START Available data

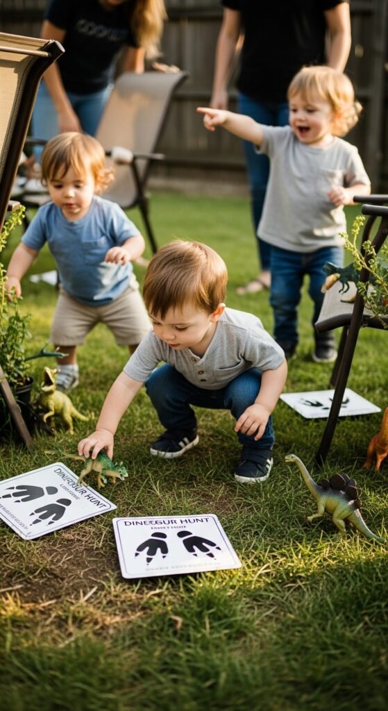 A dino themed scavenger hunt works perfectly for 3-year-olds. Hide plastic dinosaurs around your party space with simple image clues—think footprint trails leading to discoveries. Keep the search area contained and clues visual rather than text-based.
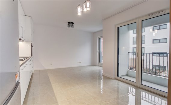 - salonu połączonego z aneksem z wyjściem na balkon i z dużymi oknami
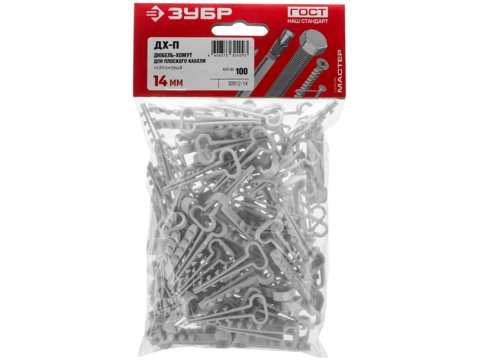 ЗУБР ДХ-П, 14 мм, нейлон, 100 шт, дюбель-хомут для плоского кабеля (30912-14)
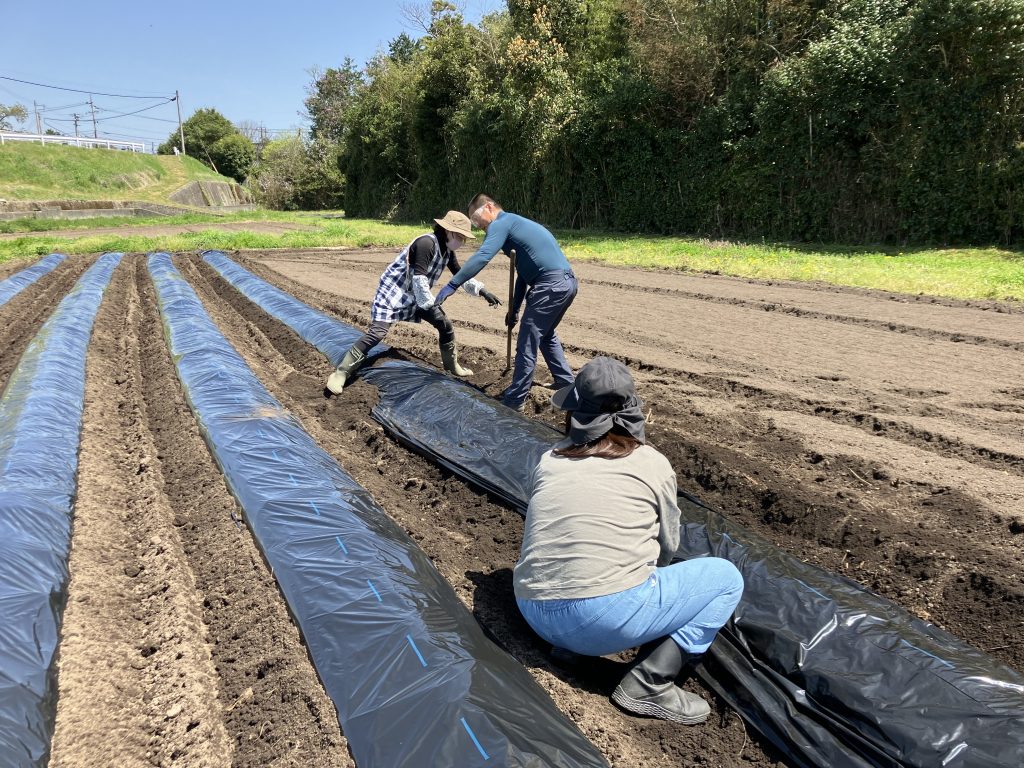 野菜を植える黒マルチ貼りのお手伝いの依頼がありました
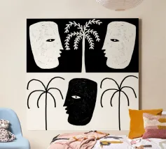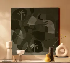 Celestial - 1" en "Celestial - 2" koesteren een gevoel van kosmische verwondering en zijn een opvallend paar kunstwerken die de verbinding tussen de natuur en het universum verweven. Met palmbomen in harmonie met hemelse elementen zoals de zon en de maan, creëren deze werken een boeiende dialoog tussen aardse schoonheid en de uitgestrektheid van de kosmos. Dit duo is ideaal om een vleugje etherische charme toe te voegen aan je inrichting en brengt natuurlijke elementen prachtig in balans met hemelse grandeur, perfect om een samenhangende en betoverende ruimte te creëren.
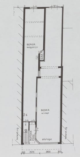 De naast de winkel aanwezige loodsachtige ruimte is deels in gebruik bij de bovenbuurman.
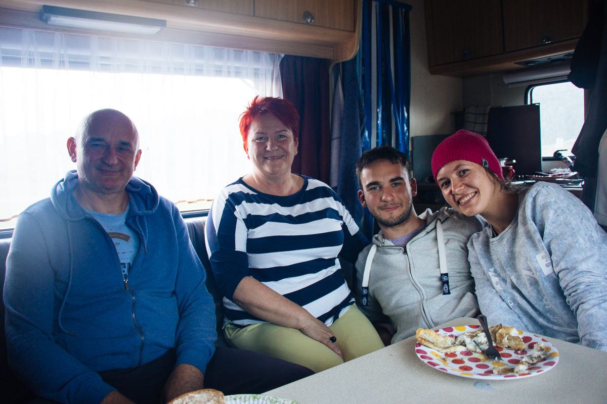 He told me I had to check the fuses. I had to remove some panels and find my way through a maze of wires before I found them and they appeared to be ok. This meant to cable powering the computer had no current anymore so I needed to power it from somewhere else. I thought I would never manage to do this but some Polish traveler had a 12V cable with them. First we tried to connect it from there car which didn’t work and eventually we managed to power it from the fusebox of my car. Now it was possible to charge it. The polish people invited me in their caravan for some fresh caught fish dinner, really nice people. I can even stay with them if I would come to Poland once.

END Available data

- What you need to do: The entries above need to be printed again exactly; please exclude all pictures.

- Solution to the exercise:
 A dino themed scavenger hunt works perfectly for 3-year-olds. Hide plastic dinosaurs around your party space with simple image clues—think footprint trails leading to discoveries. Keep the search area contained and clues visual rather than text-based.
 - salonu połączonego z aneksem z wyjściem na balkon i z dużymi oknami
 ЗУБР ДХ-П, 14 мм, нейлон, 100 шт, дюбель-хомут для плоского кабеля (30912-14)
 野菜を植える黒マルチ貼りのお手伝いの依頼がありました
 Celestial - 1" en "Celestial - 2" koesteren een gevoel van kosmische verwondering en zijn een opvallend paar kunstwerken die de verbinding tussen de natuur en het universum verweven. Met palmbomen in harmonie met hemelse elementen zoals de zon en de maan, creëren deze werken een boeiende dialoog tussen aardse schoonheid en de uitgestrektheid van de kosmos. Dit duo is ideaal om een vleugje etherische charme toe te voegen aan je inrichting en brengt natuurlijke elementen prachtig in balans met hemelse grandeur, perfect om een samenhangende en betoverende ruimte te creëren.
 De naast de winkel aanwezige loodsachtige ruimte is deels in gebruik bij de bovenbuurman.
 He told me I had to check the fuses. I had to remove some panels and find my way through a maze of wires before I found them and they appeared to be ok. This meant to cable powering the computer had no current anymore so I needed to power it from somewhere else. I thought I would never manage to do this but some Polish traveler had a 12V cable with them. First we tried to connect it from there car which didn’t work and eventually we managed to power it from the fusebox of my car. Now it was possible to charge it. The polish people invited me in their caravan for some fresh caught fish dinner, really nice people. I can even stay with them if I would come to Poland once.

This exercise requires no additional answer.